Lost hiker ignoring rescue calls is relatably Gen Z

Natasha Pszenicki

Picture the scene: you’re stuck up a mountain with no one in sight, miles from civilisation, the snow is falling thick and fast. Your phone starts to ring — a saving grace? Au contraire. For one man who went missing for 24 hours last week while hiking on Colorado’s highest mountain, it was the piece de resistance. The phone call was from an unknown number. So, naturally, he repeatedly declined the calls. Turns out it was the rescue services trying to get hold of him.
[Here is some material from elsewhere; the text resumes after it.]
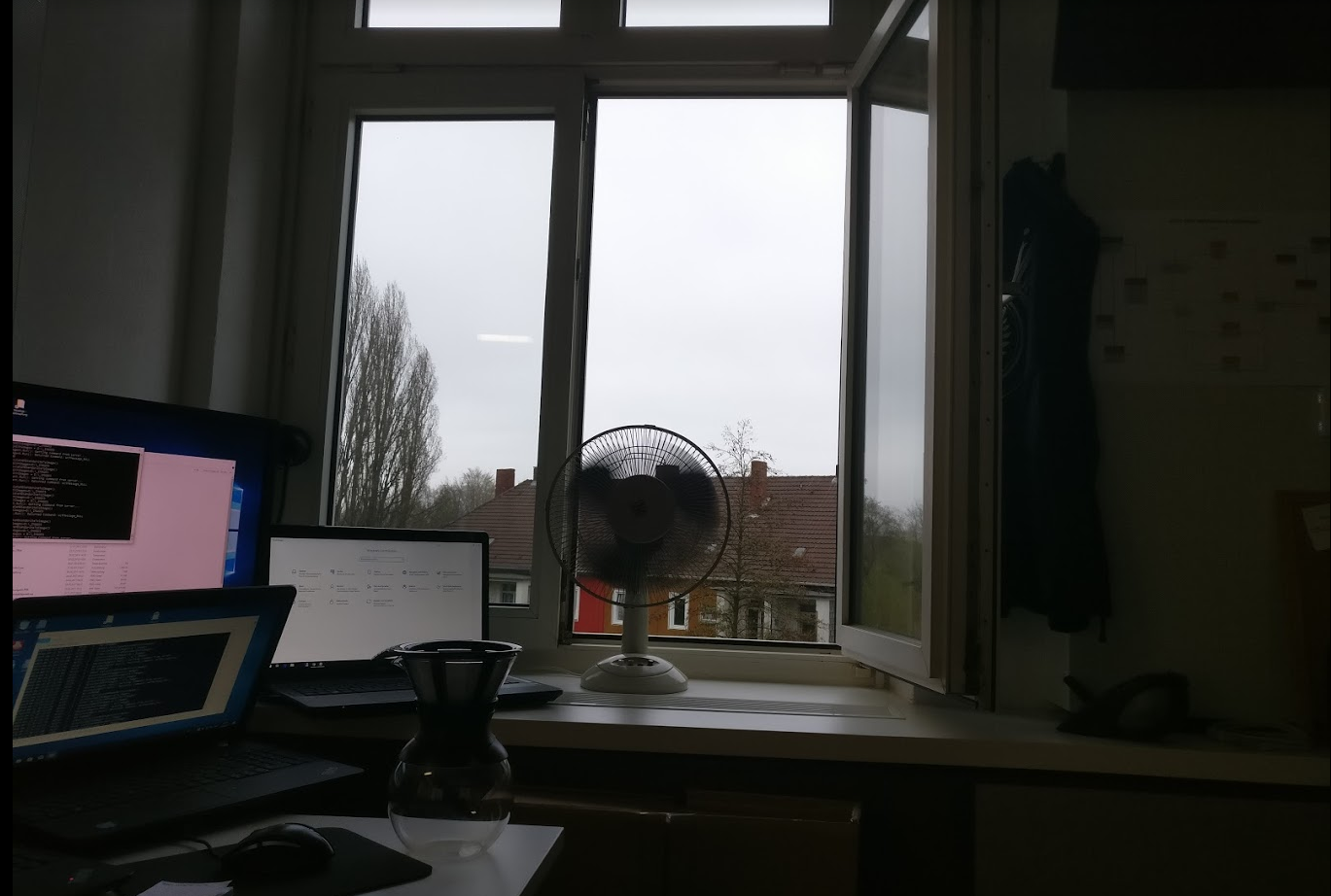 Rechts daneben sind ~1,5m Wand und dann wieder ein geöffnetes Fenster (ohne Venti).

I think I could make a pretty accurate guess at your age range by whether your response to this is “what an idiot” or “yeah, relatable”. If it’s the former, you’re probably a Boomer (sorry) and the latter, millennial or Gen Z — aka the generation who can’t stand phone calls.

Dubbed the “anxious generation” for our perceived susceptibility to mental health problems, for those of us born post-1980, the idea of perishing in the wilderness might be preferable to the anxiety of answering a spontaneous phone call.
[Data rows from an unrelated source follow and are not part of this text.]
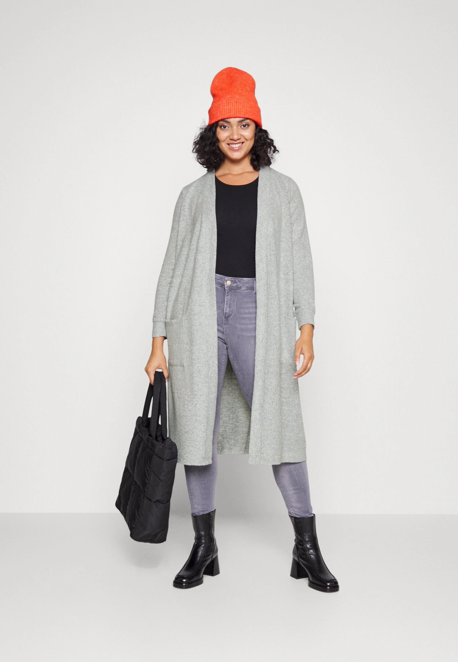 Nmcity Long Cardigan Curve – Vest – Mottled Grey
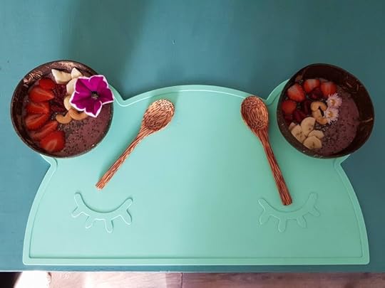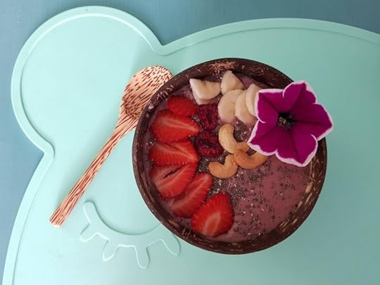 Ma tunnen lihtsalt survet elu lõpuni smuutisid teha, sest Ave saatis mulle ägedad kookospähkli koorest kausid ja kookoslusikad, nii et olla vähegi endast lugupidav instagrammer, tuleb ju sellised iludused kohe kasutusse panna. Ütlen kohe ära, et Mari sõi kaks ampsu ja siis läks võttis ohates jäätist. Ma ei tea, võin-olla ei ole ma lihtsalt nii hea smuutitegija, kuigi sisse sai maasikat, kirssi, vaarikat, banaani, spinatit, mett, pähkleid, chia seemneid ja üks mürgine lill, mille ma panin sinna vaid kaunistuseks :D
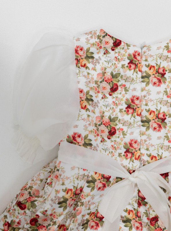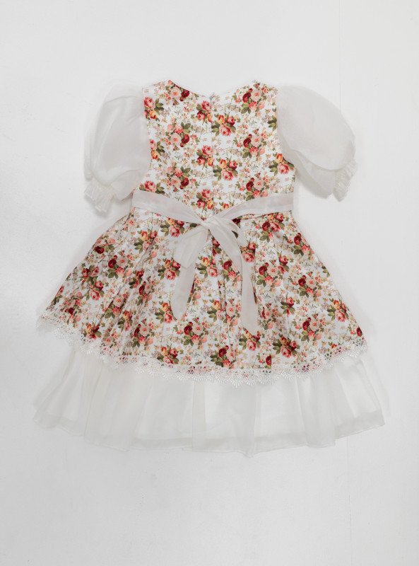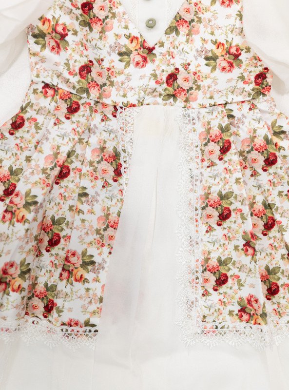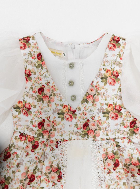 Capture timeless charm and youthful grace with this beautifully detailed vintage-inspired dress for girls. Featuring a classic puff-sleeve silhouette and layered skirt, this piece is adorned with an allover floral print in warm pink or orange tones. The delicate lace trim and decorative front buttons add to its old-world appeal, while the lightweight poly-blend fabric ensures comfort for all-day wear. Perfect for family gatherings, photo shoots, or garden parties, this dress blends elegance with playful flair.
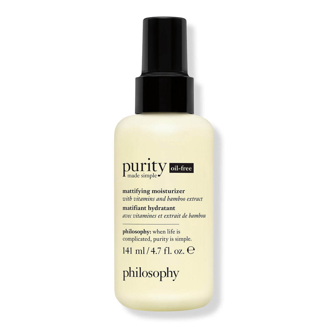Purity Made Simple Oil-Free Mattifying Moisturizer by Philosophy features a quick-absorbing formula that controls excess oil & shine, while providing 24 hour hydration.
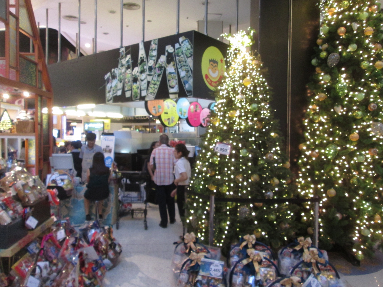 クリスマスイヴにセントラルフードホールに訪問しました。昨年のクリスマスはプミポン国王逝去直後のため自粛モードでしたが、10月末で喪が明け、2017年のセントラルフードホールはクリスマスモード全開でした。店内でしたが、電力消費を気にすることなく豪華なイルミネーションを提供してくれていたのが印象的でした。

Having lived most of our lives with the ability to text, we are so accustomed to the comfort of having a conversation at our own pace, thinking through what to say and how to say it, that a phone call out of the blue feels like an ambush. Why? Because phone calls demand an instant response with no opportunity for carefully curated and edited thoughts. It’s not that we necessarily want to avoid phone calls altogether, but more that they are an event we need to prepare for.

The trouble is that this then becomes a vicious cycle. Because young people don’t call each other for a catch-up, I assume that whenever anyone does ring me, it’s either a scam, a serious emergency or a telling off. So I sheepishly clutch my phone and stare at the screen until it stops vibrating (that’s another thing, we never have our phones on loud), and then get a voicemail from, invariably, my mum, asking if I’ve still got that headache.

I was sitting next to my best friend the other day when she got a call from an unknown number. She didn’t answer, obviously. Turns out it was someone calling back from her dream job offering her an interview. Boomers please, we love you, but sometimes an email wouldn’t hurt.